Task directions →
Only lines, not pictures: please repeat exactly the lines from the one with "NAB Complaint (NAB-ID-07)" through the end of the listing.

------ Recorded data

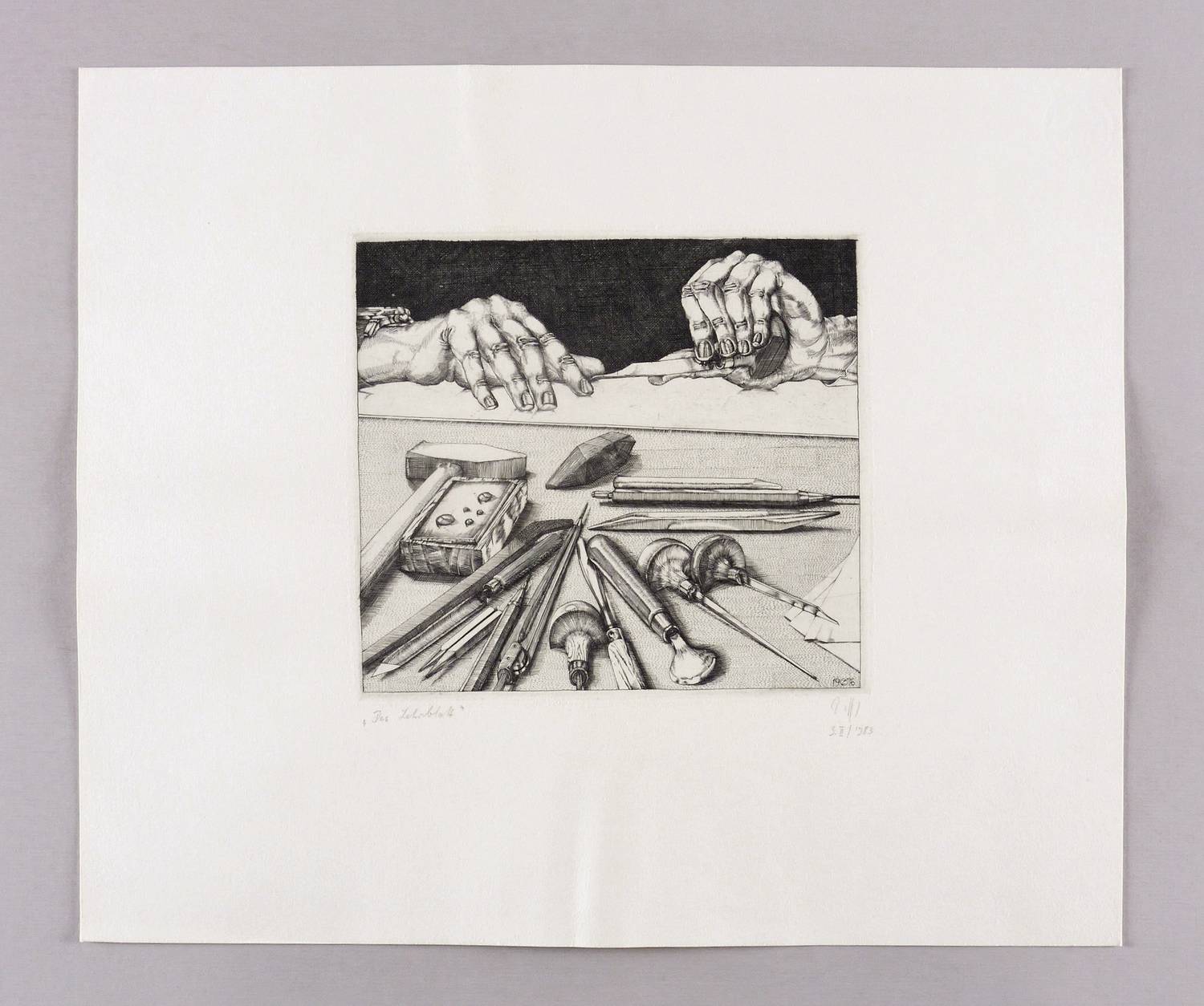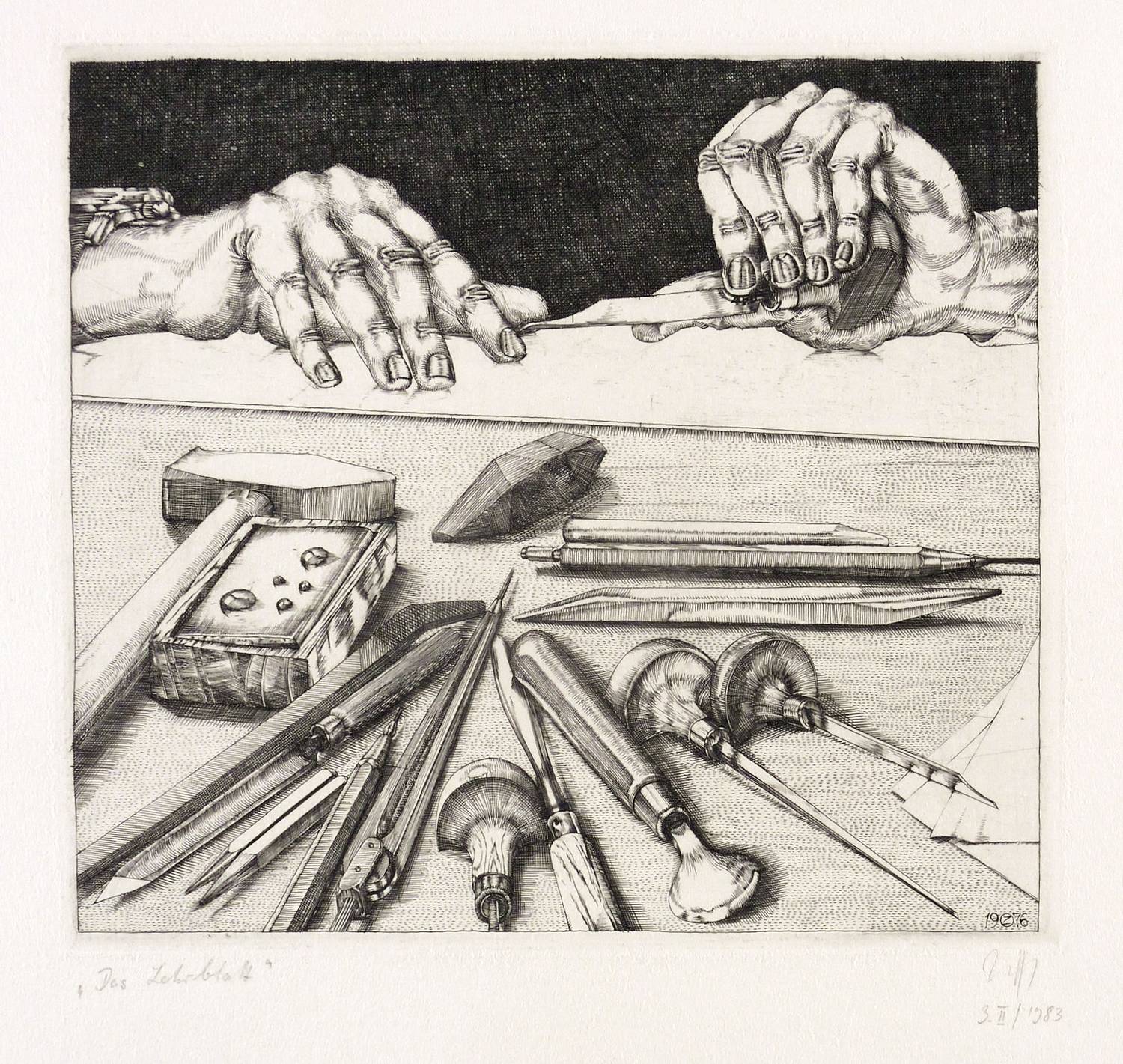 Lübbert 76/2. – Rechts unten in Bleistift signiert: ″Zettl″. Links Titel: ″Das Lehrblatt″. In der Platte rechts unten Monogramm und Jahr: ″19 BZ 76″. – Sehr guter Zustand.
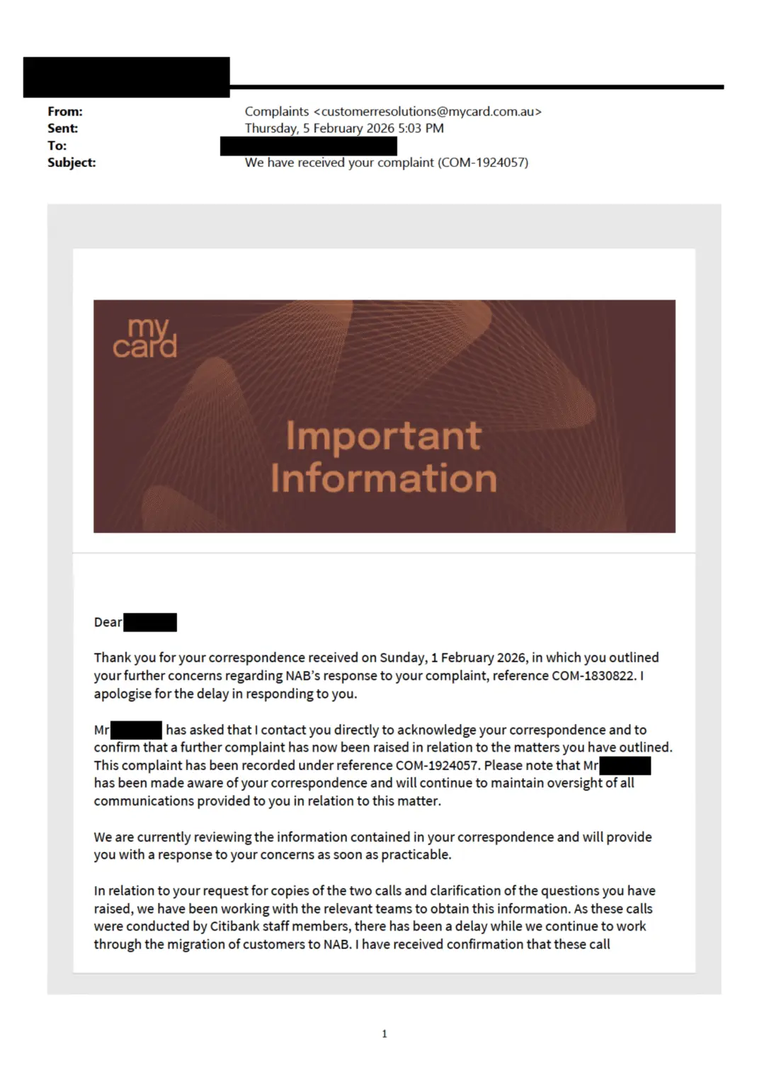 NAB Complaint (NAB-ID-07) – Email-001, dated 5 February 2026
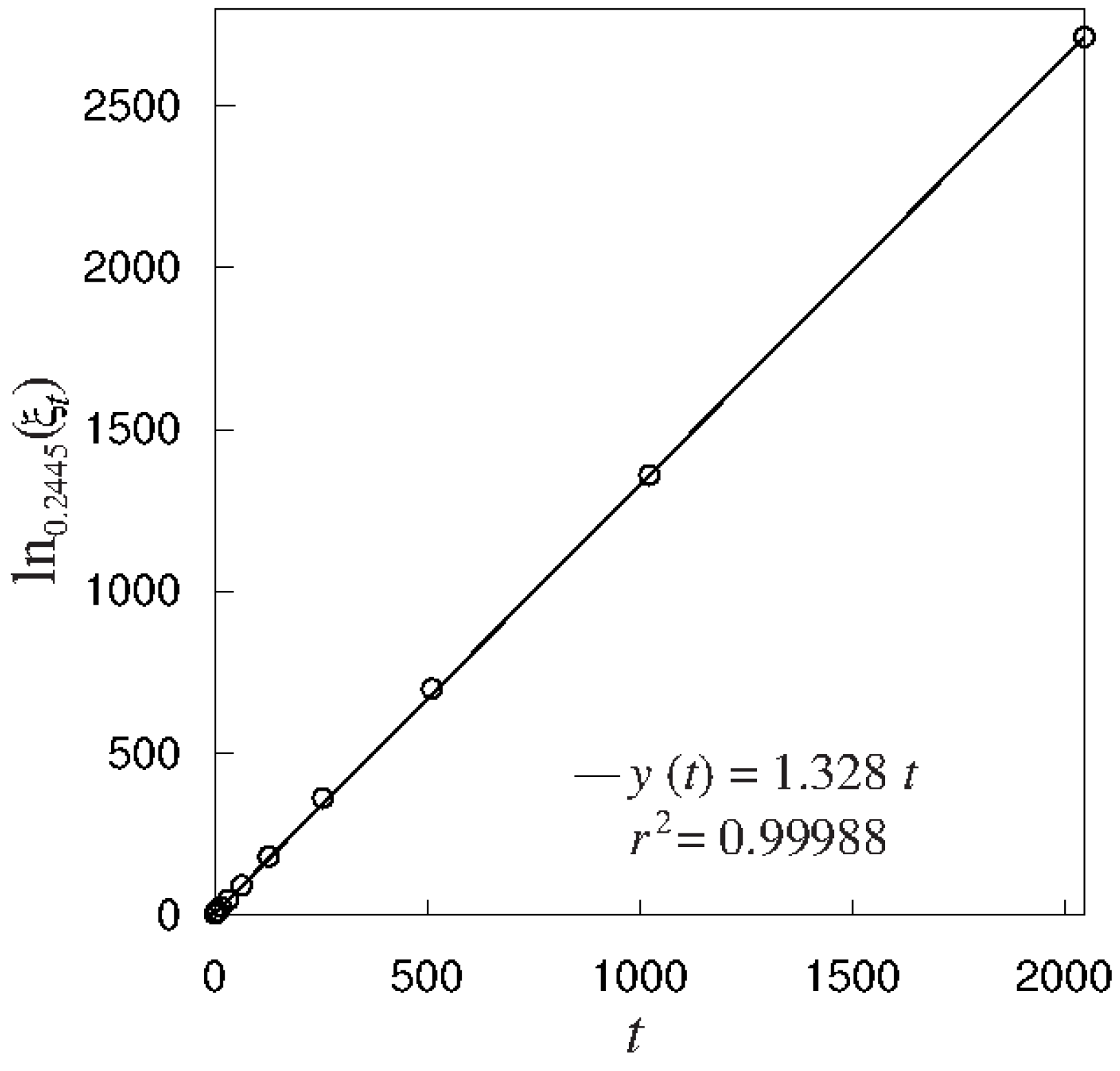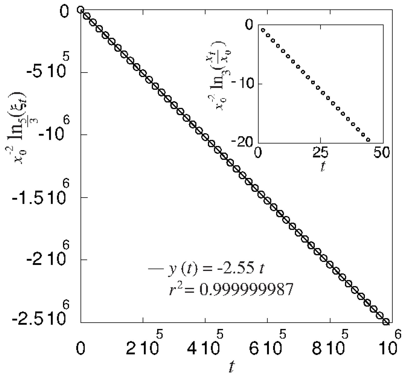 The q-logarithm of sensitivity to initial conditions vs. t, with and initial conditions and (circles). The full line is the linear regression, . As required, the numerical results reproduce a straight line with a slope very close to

------------

Solution →
 NAB Complaint (NAB-ID-07) – Email-001, dated 5 February 2026
 The q-logarithm of sensitivity to initial conditions vs. t, with and initial conditions and (circles). The full line is the linear regression, . As required, the numerical results reproduce a straight line with a slope very close to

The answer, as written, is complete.